Slashdot Mirror


From Paper To PDF?

Spoing dropped this bit of informative info into the bin: "Last week, a friend of mine griped that he didn't know of an easy way -- short of getting Adobe Capture and paying per-use licence fees -- of creating searchable PDFs. I scoffed, and told him I've done it many times, and it was free -- as in beer and speech. Dumbfounded, he pushed me to show him how, and I did; print to a Postscript file, and run ps2pdf on it...done! Since every document could be output as Postscript, his problem was solved. If he wanted to batch process the documents, he could set up a few scripts to simplify the task. While he was impressed, he ended up asking what seemed like an easy question; 'Can you do the same with a scanned image?'" And therein lies the question...

"After a week of on/off searching, I did find some good references as well as nearly all the parts necessary for the job, including open source OCR engines, PDF and Postscript tools, search engines, and the like.

Unfortunately, I came up with only two solutions -- neither of them Open Source, and most quite costly (premium beer); Adobe Capture or dedicated "PDF scanners" like this one.

My question to the Slashdot crowd is this:

  1. Is there a cost-effective way of moving existing dead-tree documents into either HTML, PDF, or other searchable mixed text and graphics format?

We all deal with a mix of electronic and printed documents -- and you're like me you've paid for some of them in both formats.

If you're like me, you buy new documents in electronic, searchable, format when you can. How many of us have O'Reilly's Networking Bookshelf, or some other CD texts ready to search on our notebooks and networks?

Yet, I have a four foot wide stack of technical documents and books that just isn't going to come with me on each plane trip. I'm not going to get rid of them -- they are still valuable -- but I can't figure out how to make them useful more often.

The available tools for capturing paper and converting it into searchable PDFs is costly, and is geared toward corporations that can justify the costs by the number of users. To me, a per-use licence of Adobe's Capture --

  1. Adobe Capture - Prices

    Adobe Capture - Features

-- is just not cost effective.

If the document is already a text document -- even if it's in some word processor I don't use -- generating PDF files is easy and cheap;

Print a document to a Postscript file, or create one. For example a simple text document is trivial;

  1. enscript file.txt -p file.ps

Convert the resulting Postscript file to PDF;

  1. ps2pdf file.ps file.pdf

Converting a paper document to PDF is also easy. Just scan the image and use tiff2ps or jpeg2ps to create the Post script file. The only problem is that the resulting PDF is a bitmap image and isn't searchable.

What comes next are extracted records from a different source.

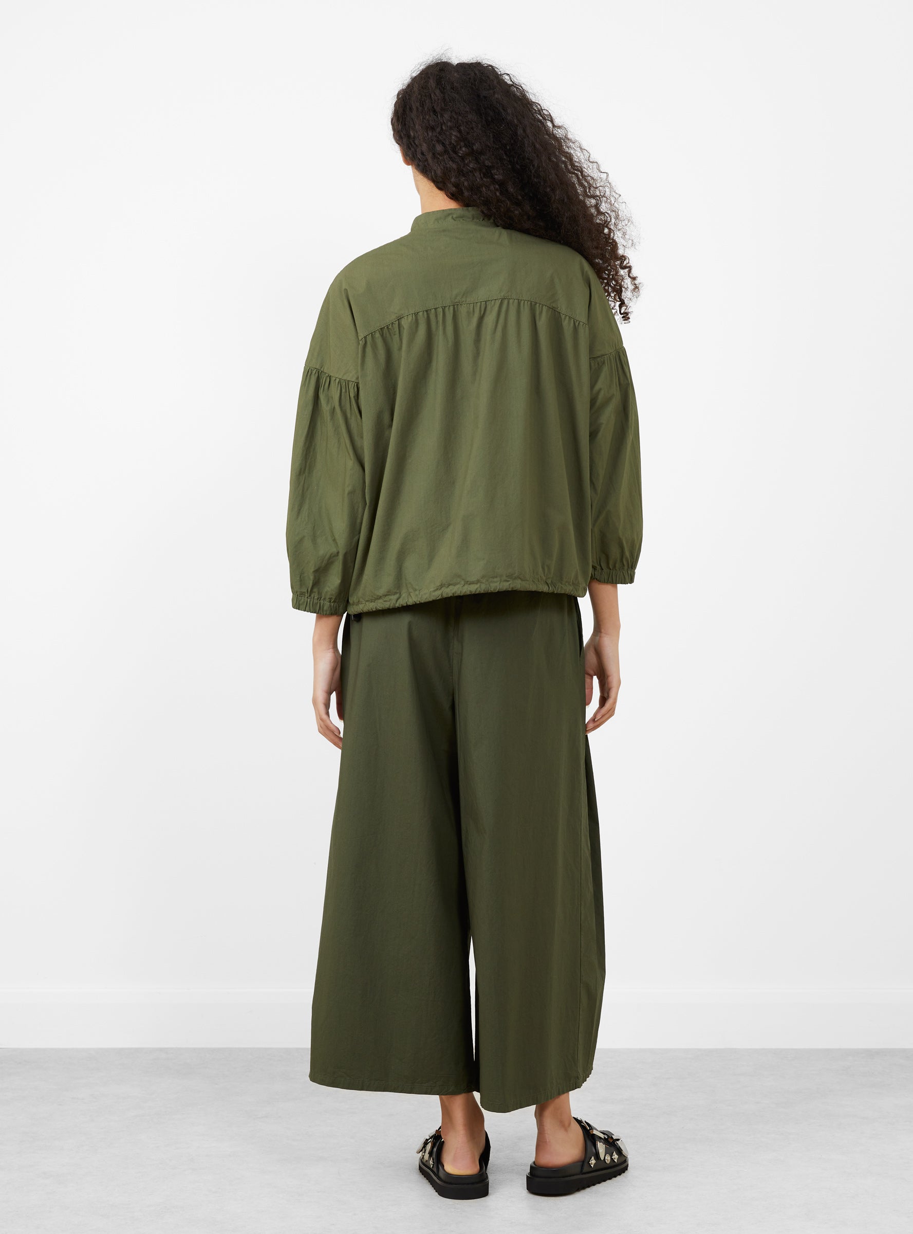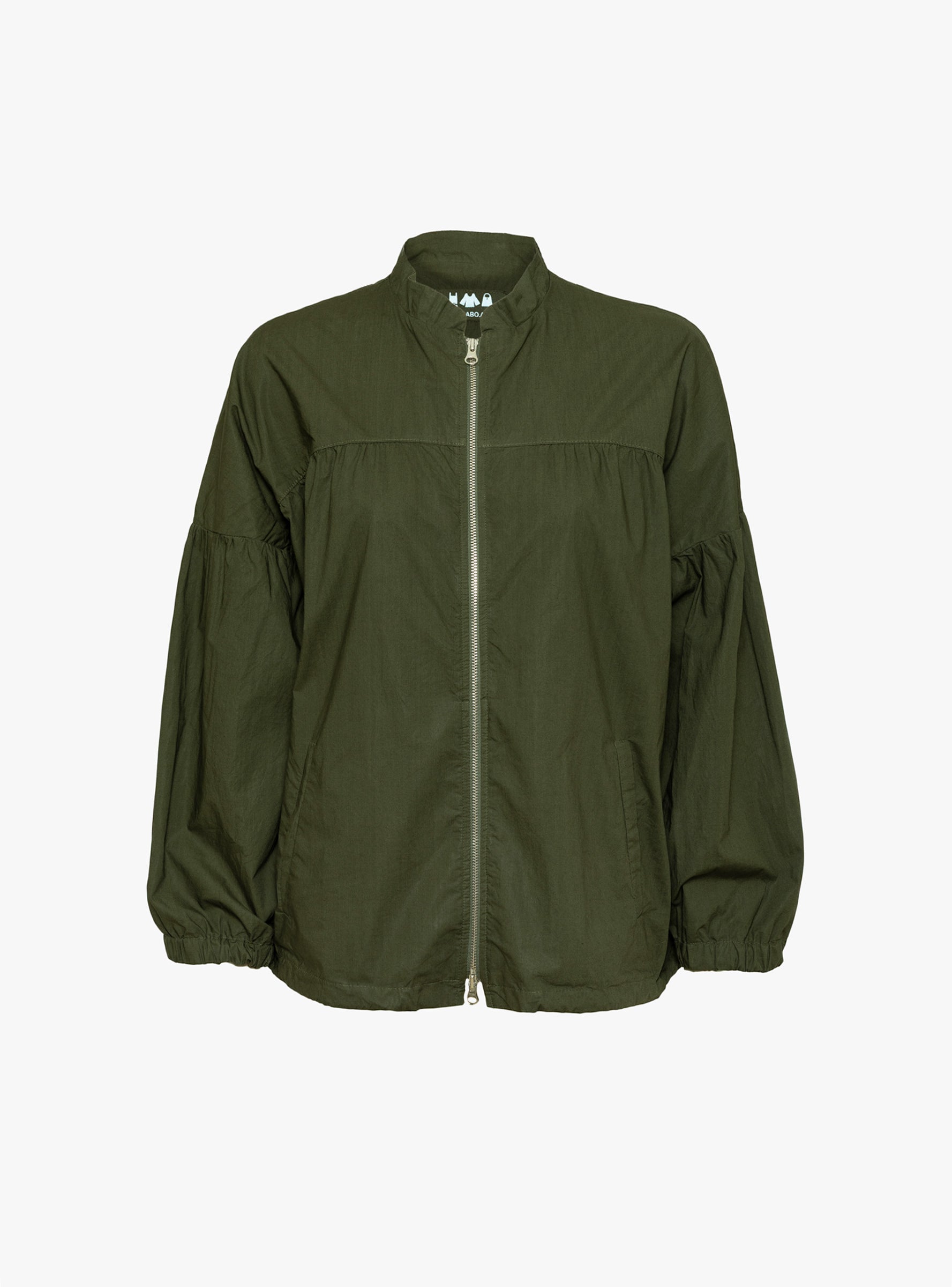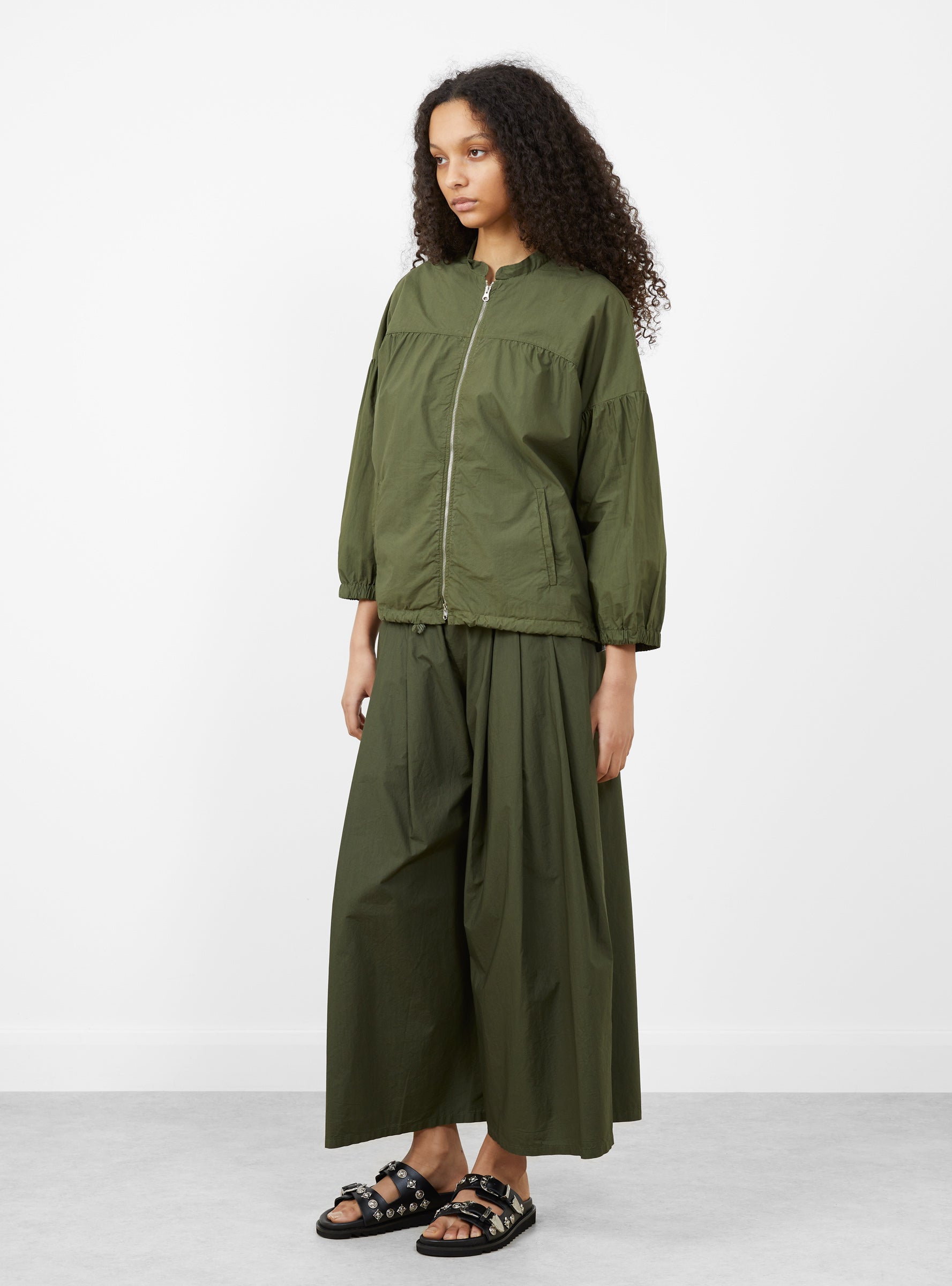 The Farro Clara Jacket comes in Olive and is made in Italy from cotton. Designed with a zip front opening, it features a softly shirred front placket and elasticated cuffs, offering a relaxed shape with subtle structure for everyday wear.
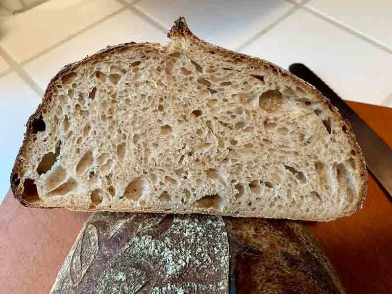 Now, I would not conclude that a 40+ hour cold retardation is a bad idea in general. For this particular bread, it did not provide an improved result. Not bad bread, but the first loaf was better, at least to my palate.
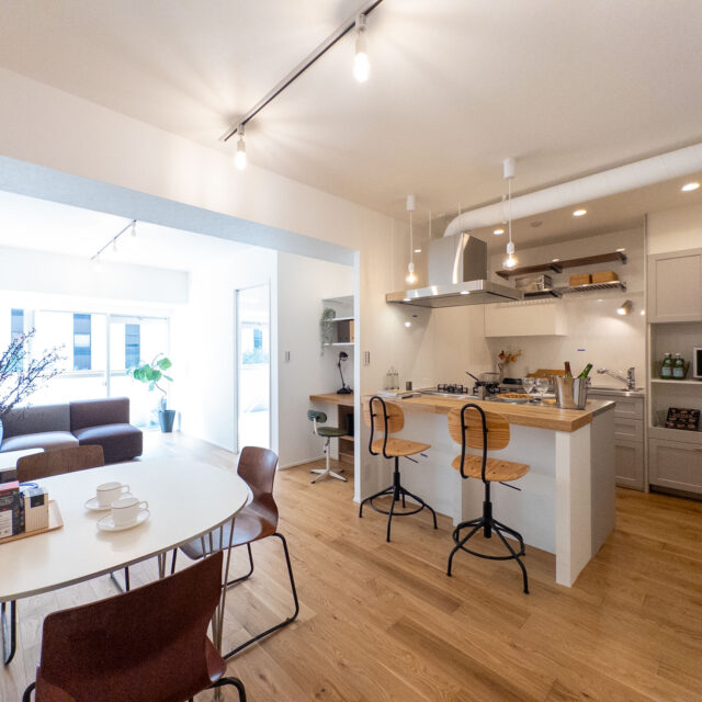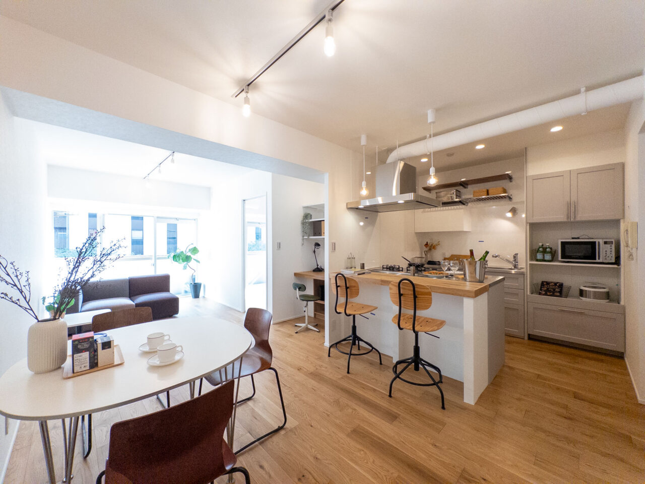 言わずと知れた人気の恵比寿、恵比寿橋交差点あたり、春は明治通りの桜が楽しめる便利な立地です。建物はレンガタイル貼りのペットと暮らせる49世帯、角部屋の401号室(2LDK)とその隣の402号室(1LDK)をリノベして同時販売いたします。
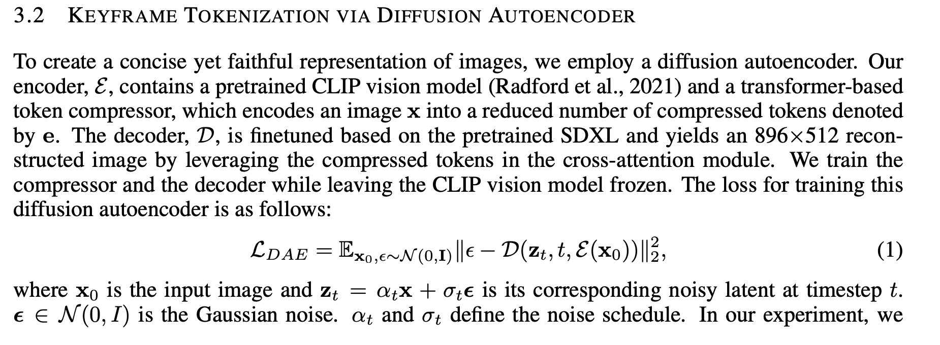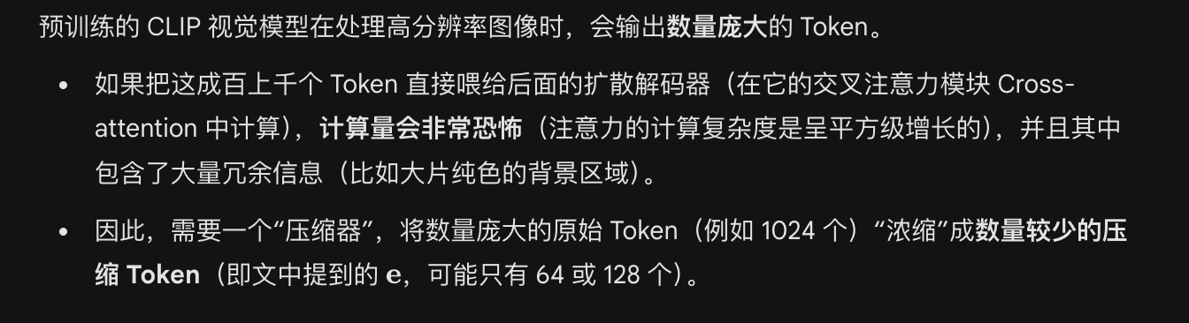 本文的 diffusion autoencoder 和原始版本有相差,原始版本的 zsem, 而SDXL的输入特殊,他接受一系列token;因此在这里 CLIP和 transformer压缩器将原始图像 压缩成一组序列token e;

Interestingly enough, TIFF -- a format used extensively for scanned documents -- does support TIFF+Text, but usually as an extention to TIFF and isn't really an optimal format; The Unofficial TIFF Home Page.

So, if you want to search the documents and keep the formatting and diagrams, you're back to paying Adobe for Capture or some other nearly as expensive method. "

13 of 188 comments (clear)

  1. PDF, Ugh. by Juggle · · Score: 3

    I learned my lesson about researching and testing what I offer before selling it to clients thanks to PDF. I knew that PHP was capable of generating PDF's so I went ahead and accepted a job to create a website which would automagically generate PDF resumes for the visitors. What I then found out was that PHP could only generate PDF's if you bought one of two pricy libraries which actually do the PDF work.

    I ended up searching for three days (and submitting an ask /. which was discarded) before I found a set of OS (free as in beer and speach) perl libraries for generating PDF's. But oh what a pain. I ended up designing a sample resume in QuarkXpress then using a pica ruler on the printout to convert it to something I could generate. But after about two weeks of hacking I had a resume generator which spits out very clean professional looking resumes in HTML and PDF for anyone who's willing to register on the site and fill out a few simple forms. Client was happy and I tucked another language into my cap. (Since the libraries I found pretty much required you to know PostScript).

    Moral of story: test the technology before selling to a client. And trying to generate PDF's on the cheap is only for those who have way more time than money!

    --
    --- Juggle juggle@hitesman.com
  2. Re:Is it legal to convert PostScript to PDF? by Azog · · Score: 3

    The patent on gif is not the gif file format per se, but the compression algorithm.


    Torrey Hoffman (Azog)

    --
    Torrey Hoffman (Azog)
    "HTML needs a rant tag" - Alan Cox
  3. PDF XML by 1010011010 · · Score: 3

    We've about finished a tool that will do PDF to XML conversions, and back again. It also sports a native API to allow t he creation of documents from scratch. It allows embedding of truetype fonts. It runs on Linux and Windows NT.

    It'll be out in the next week or so; check Freshmeat.

    The idea behind it is, create a nice layou template in the tool of your choice -- Illustrator, for example. Save as PDF. Convert to XML. Add your markup to it -- extra text, etc., convert back to PDF. Done!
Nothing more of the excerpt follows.